Prokurator Generalny nie ma wątpliwości, że dzisiejsza decyzja o umorzeniu postępowania w sprawie uchylenia immunitetu Wojciecha Łączewskiego to skandal i próba zapewnienia bezkarności sędziemu, który zdaniem śledczych złożył fałszywe zawiadomienie o przestępstwie i składał fałszywe zeznania. Zdaniem Zbigniewa Ziobry, sprawą Łączewskiego zajmie się teraz Izba Dyscyplinarna Sądu Najwyższego”.
CZYTAJ TAKŻE:Niebywałe! Krakowski sąd umorzył postępowanie ws. Wojciecha Łączewskiego. Sędzia nie straci immunitetu
Zebrany materiał dowody w postaci kilku opinii biegłych, w sposób niebudzący wątpliwości potwierdził, ze sędzia Łączewski składał fałszywe zeznania, okłamywał zwierzchników, okłamywał opinię publiczną. (…) Sędzia działał bezczelnie, bez mrugnięcia okiem kłamał i naraził skarb państwa na realne straty. Te fakty dyskwalifikują go jako człowieka który może oceniać i sądzić innych. Nie posiada do tego kwalifikacji moralnych i etycznych.
– stwierdził Zbigniew Ziobro.
Prokurator Generalny opisał jak sędzia Łączewski dał się nabrać na prowokację dziennikarzy, a wcześniej podawał się za osobę trzecią, myśląc, że rozmawia z Tomaszem Lisem, redaktorem naczelnym tygodnika „Newsweek”.
Sędzia Łączewski złożył fałszywe zawiadomienie i fałszywe zeznania. Twierdził. że nieznana mu osoba podaje się za niego na twitterze, że ktoś wdarł się do prywatnego internetu i korespondował z osobami trzecimi.
– relacjonował Zbigniew Ziobro, który przypomniał, że sprawa była całymi miesiącami przeciągana w krakowskim sądzie apelacyjnym.
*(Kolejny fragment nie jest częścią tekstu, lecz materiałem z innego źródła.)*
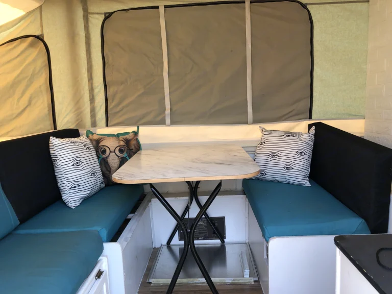 We have this redone pop up tent trailer! Yes we painted it silver! to stand out. Has a bathroom with a stand up shower, the tank is 25 gallons, no grey water tank, you can bring your own pump or when you use the water in the shower is comes out the bottom. For the toilet it goes into a tank and you are responsible for draining it at the end of your trip or a fine is charged. You simply go to the side and pool the tank out. Most camps have a dump. Redone cushions and paints, we offer chairs and camping items as well. This is a perfect pop up for a family for a nice weekend camping. The stove and fridge do not work. Bring your pillows and extra blankets.What's included*Camping chairs

Dziś pod pozorem uchybień formalnych postępowanie zostało umorzone. To kolejny dowód na to, że są osoby w środowisku sędziowskim, które wolą chronić ludzi uwikłanych.
– podkreślił Zbigniew Ziobro.
Minister, odnosząc się do postanowienia krakowskiego sądu, ocenił, że jest to przykład „kastowego myślenia”. „Spotykamy się z kolejnym przypadkiem pokazującym, że myślenie kastowe w polskim sądownictwie jest nadal obecne. Mimo tego, że trwa gorąca dyskusja i wiele kamer, mikrofonów i uwagi poświęcanych jest standardom etycznym i odpowiedzialności, jaką powinna ponosić przedstawiciele trzeciej władzy” - oświadczył Ziobro.
Zwrócił też uwagę, że w wielu krajach europejskich sędziowie nie korzystają z ochrony immunitetowej.
Jeśli jest podejrzenie popełnienia przestępstwa to sędziowie odpowiadają na zasadach ogólnych, jak każdy obywatel. W Polsce sędziowie korzystają z najszerszej ochrony immunitetowej w Europie.
– dodał.
Dlatego w ich interesie jest to, by w sytuacji gdy zachodzi podejrzenie popełnienia przestępstwa kryminalnego przez sędziego, by takie sprawy były bardzo szybko rozstrzygane, by nie było wrażenia, że środowisko w imię źle pojętego interesu grupowego chroni swoich przedstawicieli przed odpowiedzialnością karną, gwarantując im bezkarność.(…)**
– zaznaczył Ziobro.
W lutym 2016 r. sędzia Łączewski złożył w Prokuraturze Okręgowej w Warszawie ustne zawiadomienie, że nieznana mu osoba włamała się na jego konta prowadzone pod fikcyjnymi nazwiskami na Twitterze i w jego imieniu prowadziła korespondencję. W sprawie zostało wszczęte śledztwo; powołany biegły ocenił, że nie doszło do włamania.
Z kolei 21 stycznia prokuratura złożyła wniosek o uchylenie immunitetu Łączewskiemu. Wniosek dotyczył złożenia przez sędziego doniesienia o przestępstwie, którego nie było, i składania fałszywych zeznań. Z ustaleń śledztwa wynikało – jak poinformowała Prokuratura Regionalna w Krakowie – że wbrew złożonemu przez sędziego zawiadomieniu o przestępstwie nie doszło do włamania do prowadzonych przez niego pod fikcyjnymi nazwiskami kont na Twitterze.